*Exercise requirements*
Go through the listing and repeat each entry exactly, but include no pictures.

*Records for this exercise*
= Beginning of Section =
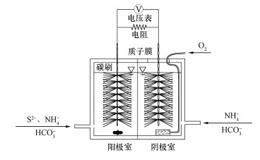 厭氧消化技術目前廣泛用于污泥及高濃度有機廢水的處理并可回收沼氣, 但厭氧消化液中存在高濃度氨氮及硫化物.研究發(fā)現(xiàn), 某些工業(yè)廢水如制革廢水和采礦廢水等也會產生高濃度的硫化物及氮素污染物(Guo et al., 2016).硫化物具有臭味和腐蝕性, 會嚴重影響人體健康及生活環(huán)境, 氮素污染物則是水體富營養(yǎng)化的主要誘因, 因此, 這些廢水排放前需除硫脫氮.近年來出現(xiàn)的微生物燃料電池(Microbial Fuel Cell, MFC)可在去除污染物的同時回收電能, 在廢水脫氮或廢水除硫領域具有較好的發(fā)展前景(Sun et al., 2016; Zhao et al., 2008).前期的MFC除硫多采用化學陰極, 以高錳酸鉀或鐵氰化鉀為電子受體(Cai et al., 2015; Lee et al., 2012), 易產生二次污染.以S2-作為陽極電子供體, NO3-為陰極電子受體, 可在單一的反硝化除硫MFC內分別完成陽極除硫與陰極脫氮(魏炎等, 2016), 具有處理含S2-/NH4+廢水的潛力.
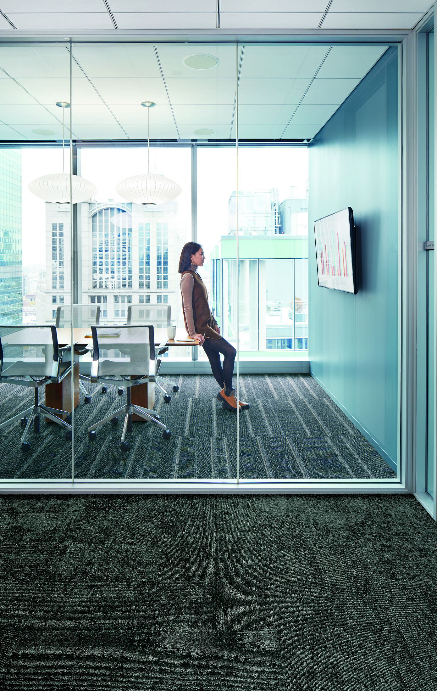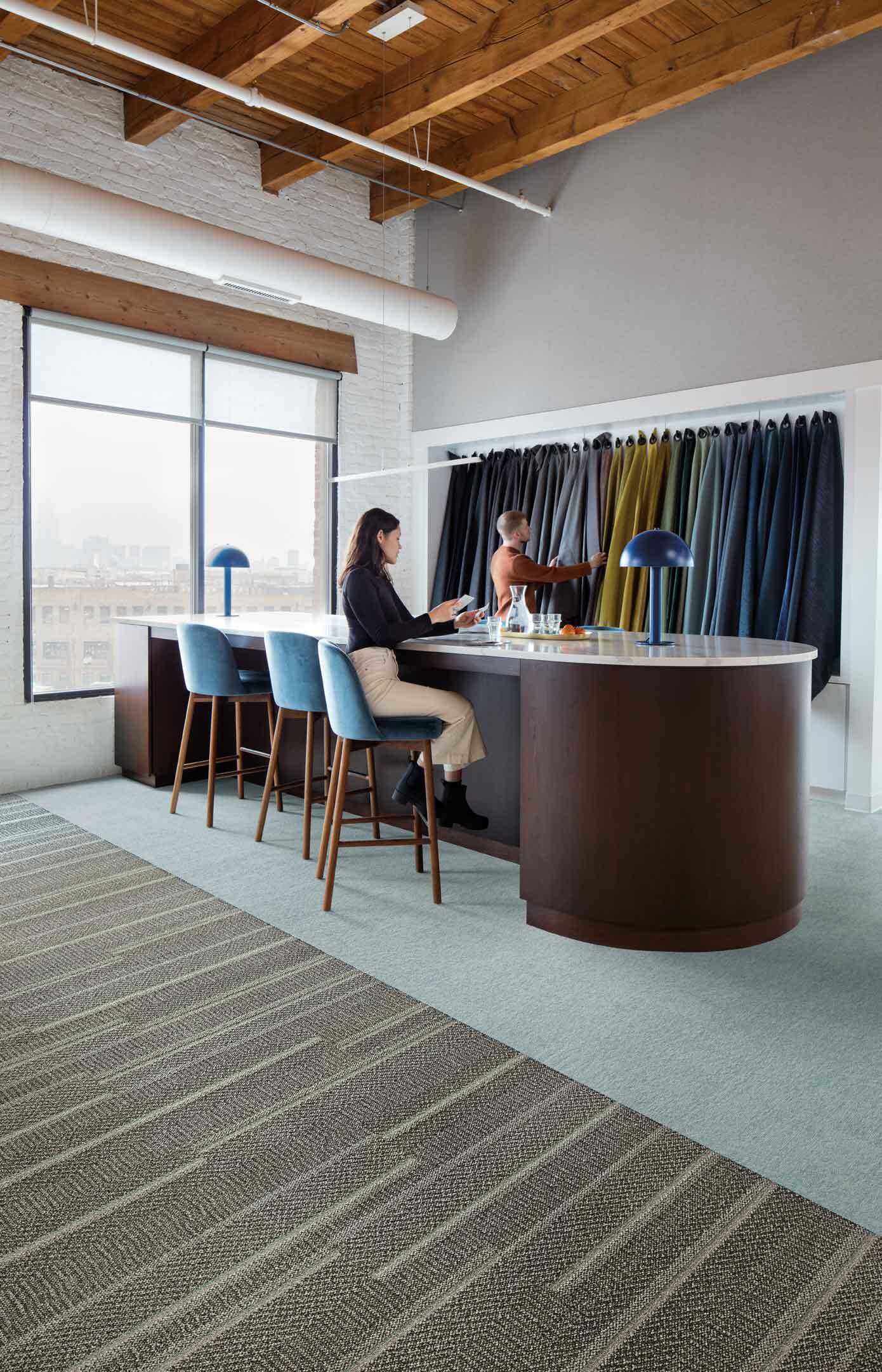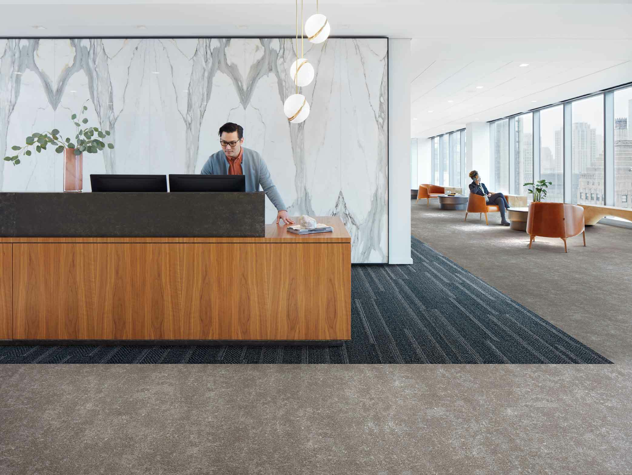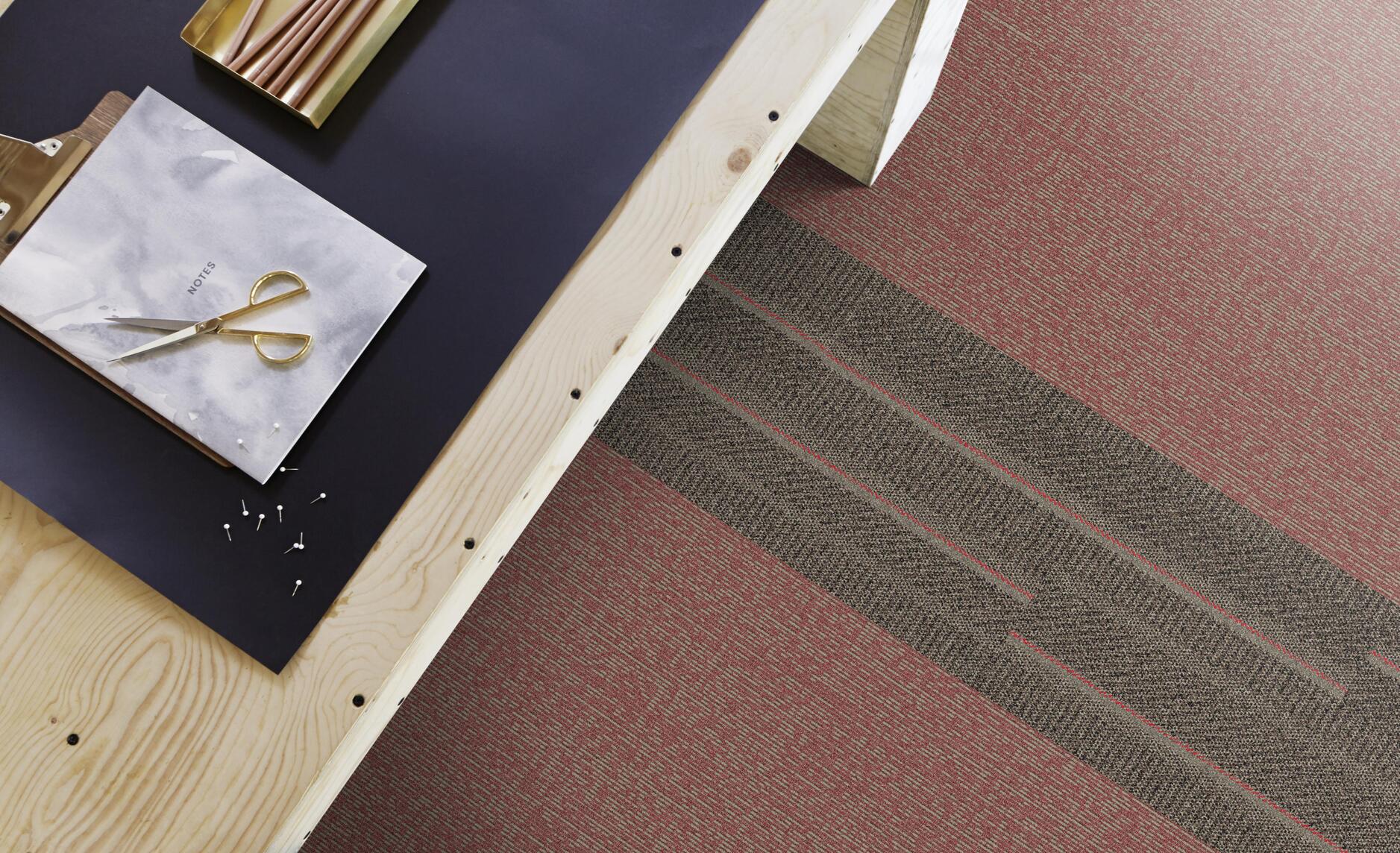 Simple Sash™ offre un mélange de textures. Le détail du motif le lie aux autres dalles de moquette de la collection Embodied Beauty™, tandis que l'effet sergé crée un rythme unique sur le sol.
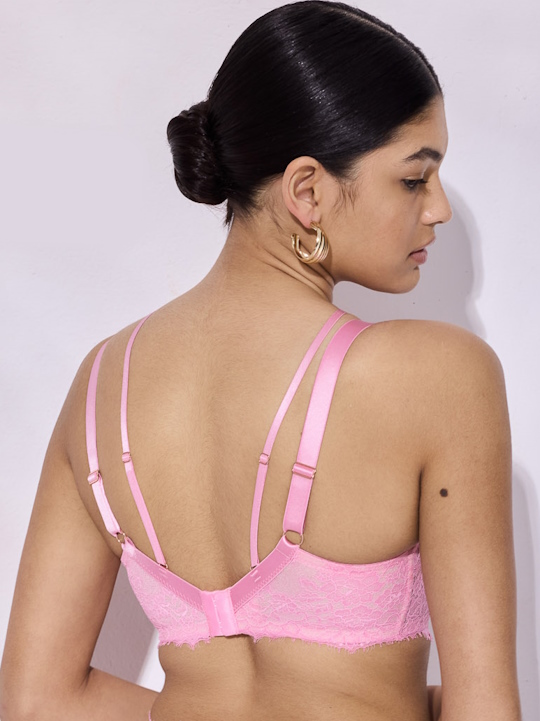 Бюстгальтер French Kiss PU выполнен на основе бюста Marie PU на косточках, с дополнительными боковыми поддержками, чашки шитые, нижняя часть чашек на тонком поролоне светло-розового цвета, верхняя и внешняя сторона из кружева с цветочным орнаментом с ресничками . Спинка из кружева продублирована розовой сеткой. Бретельки не отстёгиваются, регулируются по длине. На спине застёжка на удлинитель, фурнитура металлическая цвета розового золота. В зоне декольте дополнительные съемные тонкие бретели, регулируются по длине, крепятся между чашками и на спинке, при желании их можно перекрещивать на спине, Бюстгальтер идеально сочетается с трусиками French Kiss.
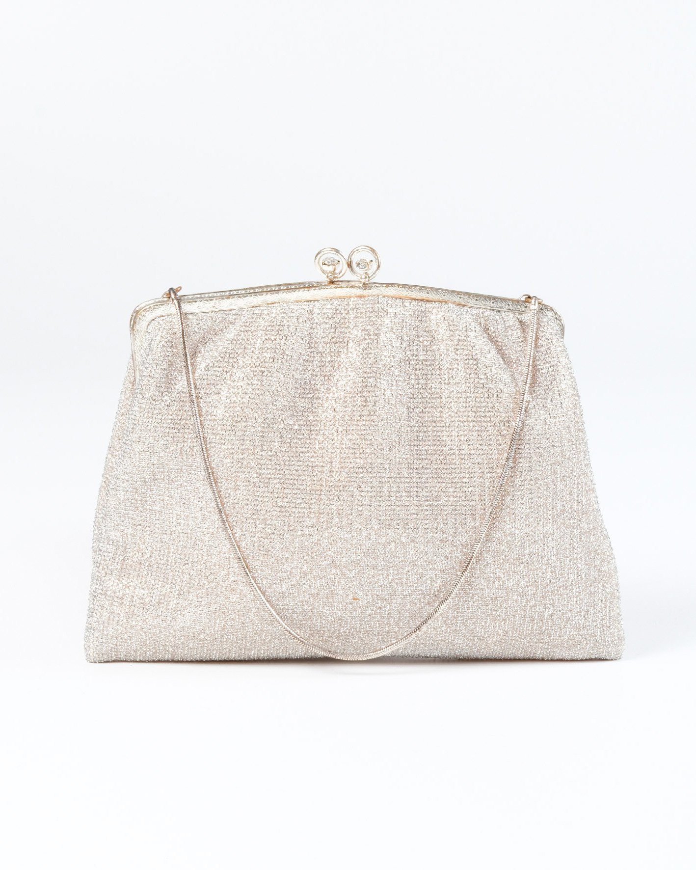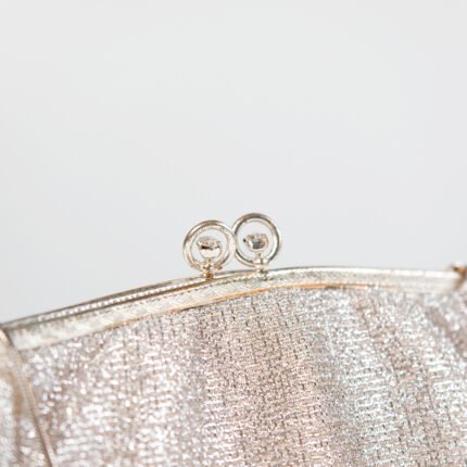 Borsa da sera anni 40 in lurex argento con catenina metallica e chiusura a scatto con dettagli di swaroski , visti gli anni è in perfette condizioni .
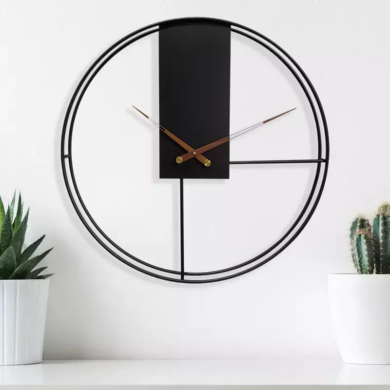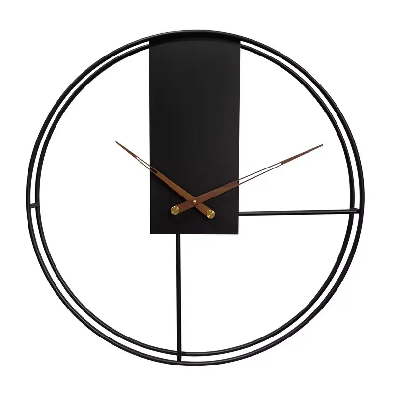 Horloge murale en fer moderne de luxe de forme ronde avec finition noire, affichage silencieux d'aiguilles à quartz pour le salon, art mural décoratif
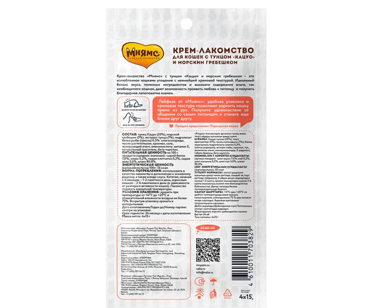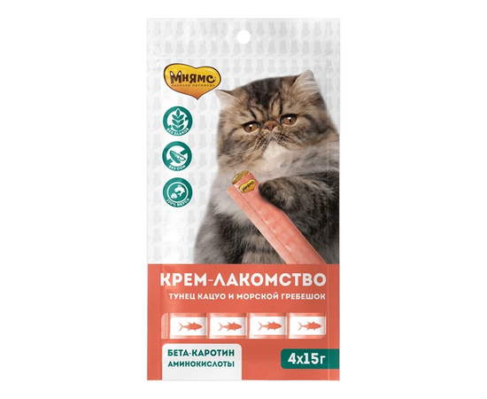Мнямс Крем-лакомство для кошек с тунцом Кацуо и морским гребешком 15г*4 шт
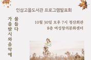 [참좋은뉴스= 기자] 금산인삼고을도서관은 프로그램 수강생들의 학습 성과물에 대한 성취감 고취와 지역 주민 문화 향유 기회 제공을 위해 오는 30일 금산읍 청산회관에서 ‘가을밤, 시와 음악에 물들다’ 행사를 개최한다. 이날 도서관 독서문화프로그램 ‘시와 함께 소리 찾기’ 수강생 시 낭송 공연 및 문화예술동아리 지원사업으로 운영 중인 금산만돌린챔버 수강생 만돌린 공연 등이 개최된다. 또한, 박인숙 인문학 강사의 ‘시를 노래하다’ 특강이 펼쳐진다. 금산인삼고을도서관 ‘가을밤, 시와 음악에 물들다’ 행사에 관한 자세한 내용은 금산다락원 도서관팀에 문의하면 된다. 도서관 관계자는 “2021년 이후 만 4년 만에 개최되는 발표회를 열게 됐다”며 “그동안 프로그램 참여를 통해 기량을 익힌 수강생들의 성과를 보여주는 자리가 될 것”이라고 말했다. [뉴스출처 : 충청남도금산군]
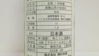 - 酒米 : 玉栄、吟吹雪
= End of Section =
*Answer to this problem*
 厭氧消化技術目前廣泛用于污泥及高濃度有機廢水的處理并可回收沼氣, 但厭氧消化液中存在高濃度氨氮及硫化物.研究發(fā)現(xiàn), 某些工業(yè)廢水如制革廢水和采礦廢水等也會產生高濃度的硫化物及氮素污染物(Guo et al., 2016).硫化物具有臭味和腐蝕性, 會嚴重影響人體健康及生活環(huán)境, 氮素污染物則是水體富營養(yǎng)化的主要誘因, 因此, 這些廢水排放前需除硫脫氮.近年來出現(xiàn)的微生物燃料電池(Microbial Fuel Cell, MFC)可在去除污染物的同時回收電能, 在廢水脫氮或廢水除硫領域具有較好的發(fā)展前景(Sun et al., 2016; Zhao et al., 2008).前期的MFC除硫多采用化學陰極, 以高錳酸鉀或鐵氰化鉀為電子受體(Cai et al., 2015; Lee et al., 2012), 易產生二次污染.以S2-作為陽極電子供體, NO3-為陰極電子受體, 可在單一的反硝化除硫MFC內分別完成陽極除硫與陰極脫氮(魏炎等, 2016), 具有處理含S2-/NH4+廢水的潛力.
 Simple Sash™ offre un mélange de textures. Le détail du motif le lie aux autres dalles de moquette de la collection Embodied Beauty™, tandis que l'effet sergé crée un rythme unique sur le sol.
 Бюстгальтер French Kiss PU выполнен на основе бюста Marie PU на косточках, с дополнительными боковыми поддержками, чашки шитые, нижняя часть чашек на тонком поролоне светло-розового цвета, верхняя и внешняя сторона из кружева с цветочным орнаментом с ресничками . Спинка из кружева продублирована розовой сеткой. Бретельки не отстёгиваются, регулируются по длине. На спине застёжка на удлинитель, фурнитура металлическая цвета розового золота. В зоне декольте дополнительные съемные тонкие бретели, регулируются по длине, крепятся между чашками и на спинке, при желании их можно перекрещивать на спине, Бюстгальтер идеально сочетается с трусиками French Kiss.
 Borsa da sera anni 40 in lurex argento con catenina metallica e chiusura a scatto con dettagli di swaroski , visti gli anni è in perfette condizioni .
 Horloge murale en fer moderne de luxe de forme ronde avec finition noire, affichage silencieux d'aiguilles à quartz pour le salon, art mural décoratif
Мнямс Крем-лакомство для кошек с тунцом Кацуо и морским гребешком 15г*4 шт
 [참좋은뉴스= 기자] 금산인삼고을도서관은 프로그램 수강생들의 학습 성과물에 대한 성취감 고취와 지역 주민 문화 향유 기회 제공을 위해 오는 30일 금산읍 청산회관에서 ‘가을밤, 시와 음악에 물들다’ 행사를 개최한다. 이날 도서관 독서문화프로그램 ‘시와 함께 소리 찾기’ 수강생 시 낭송 공연 및 문화예술동아리 지원사업으로 운영 중인 금산만돌린챔버 수강생 만돌린 공연 등이 개최된다. 또한, 박인숙 인문학 강사의 ‘시를 노래하다’ 특강이 펼쳐진다. 금산인삼고을도서관 ‘가을밤, 시와 음악에 물들다’ 행사에 관한 자세한 내용은 금산다락원 도서관팀에 문의하면 된다. 도서관 관계자는 “2021년 이후 만 4년 만에 개최되는 발표회를 열게 됐다”며 “그동안 프로그램 참여를 통해 기량을 익힌 수강생들의 성과를 보여주는 자리가 될 것”이라고 말했다. [뉴스출처 : 충청남도금산군]
 - 酒米 : 玉栄、吟吹雪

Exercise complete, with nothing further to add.